▶ **Collected material**:
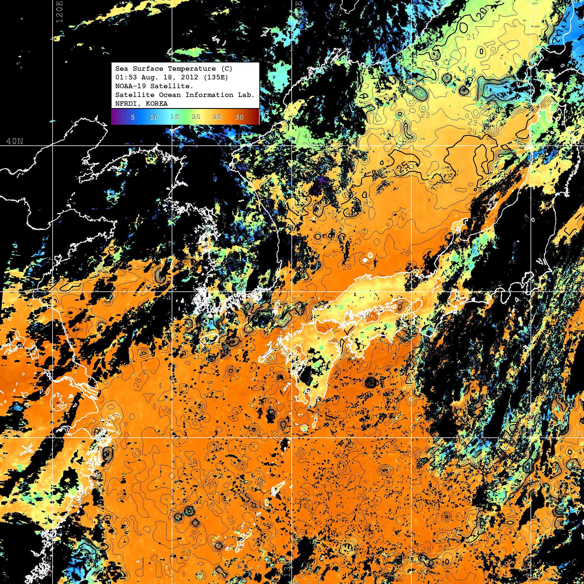 o 2012년 08월 18일 NOAA 위성영상입니다. o 영상 시간 및 수온분포는 범례를 참고하시기 바랍니다. o 검은색은 구름을 나타냅니다. o 그림을 클릭하시면 크게 보실 수 있습니다.
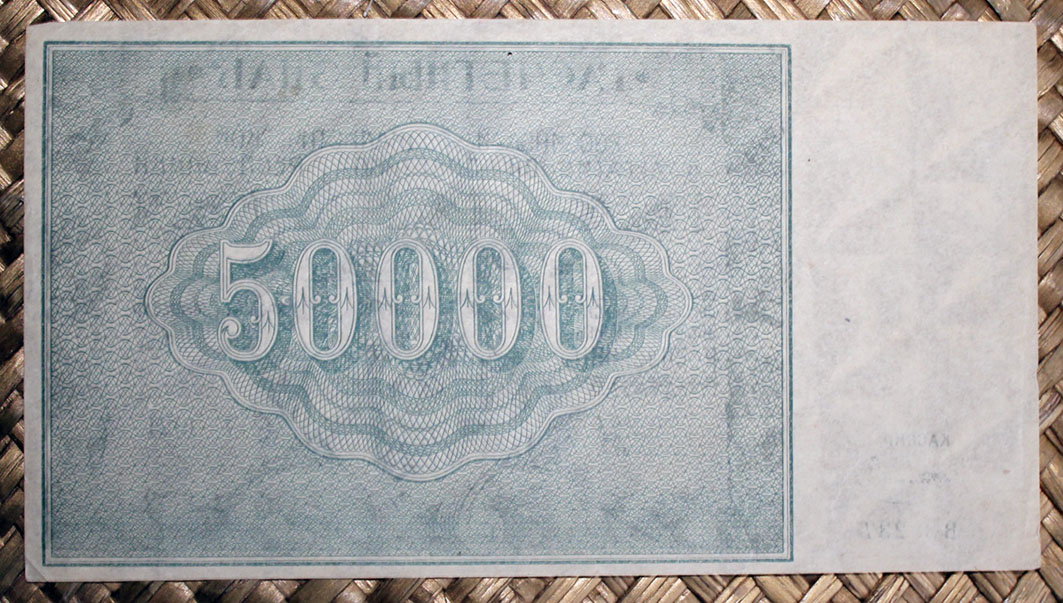 El billete de 50 rublos de la RSFSR de 1918 ofrece grabados en cromaticidad marrón a ambos lados en papel color marrón claro.
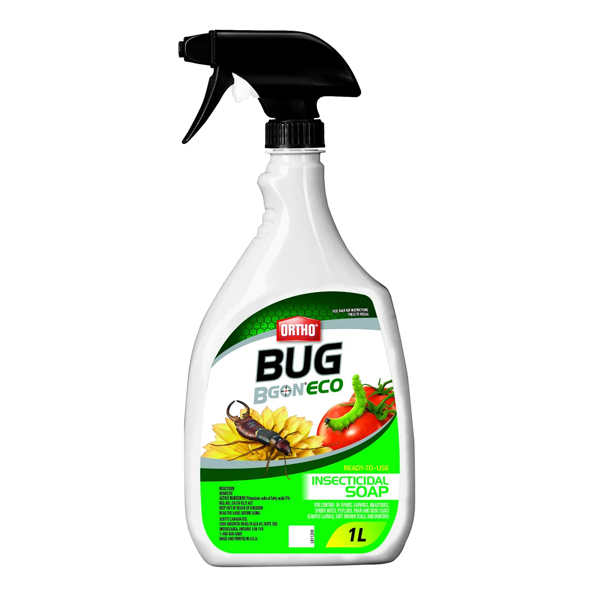 Primary Ingredient: Potassium salts of fatty acids 1% Ortho® Bug B Gon® ECO insecticidal soap ready-to-use is an effective way to end bug problems in the garden and on house plants. The formula controls pests on contact to prevent damage to your plants. Simply spray to saturate insects on plants to eliminate many common pests such as aphids; earwigs; spider mites and more. This convenient ready-to-use format is ideal for houseplants and smaller pest control tasks in the garden. This spray can be used on a variety of plants from ornamentals to fruit trees; plus it can be applied to edible produce up to the day you harvest.

▶ **Exercise aim**: Type out the data above once more, exactly, with no images included.

▶ **Response to the task**:
 o 2012년 08월 18일 NOAA 위성영상입니다. o 영상 시간 및 수온분포는 범례를 참고하시기 바랍니다. o 검은색은 구름을 나타냅니다. o 그림을 클릭하시면 크게 보실 수 있습니다.
 El billete de 50 rublos de la RSFSR de 1918 ofrece grabados en cromaticidad marrón a ambos lados en papel color marrón claro.
 Primary Ingredient: Potassium salts of fatty acids 1% Ortho® Bug B Gon® ECO insecticidal soap ready-to-use is an effective way to end bug problems in the garden and on house plants. The formula controls pests on contact to prevent damage to your plants. Simply spray to saturate insects on plants to eliminate many common pests such as aphids; earwigs; spider mites and more. This convenient ready-to-use format is ideal for houseplants and smaller pest control tasks in the garden. This spray can be used on a variety of plants from ornamentals to fruit trees; plus it can be applied to edible produce up to the day you harvest.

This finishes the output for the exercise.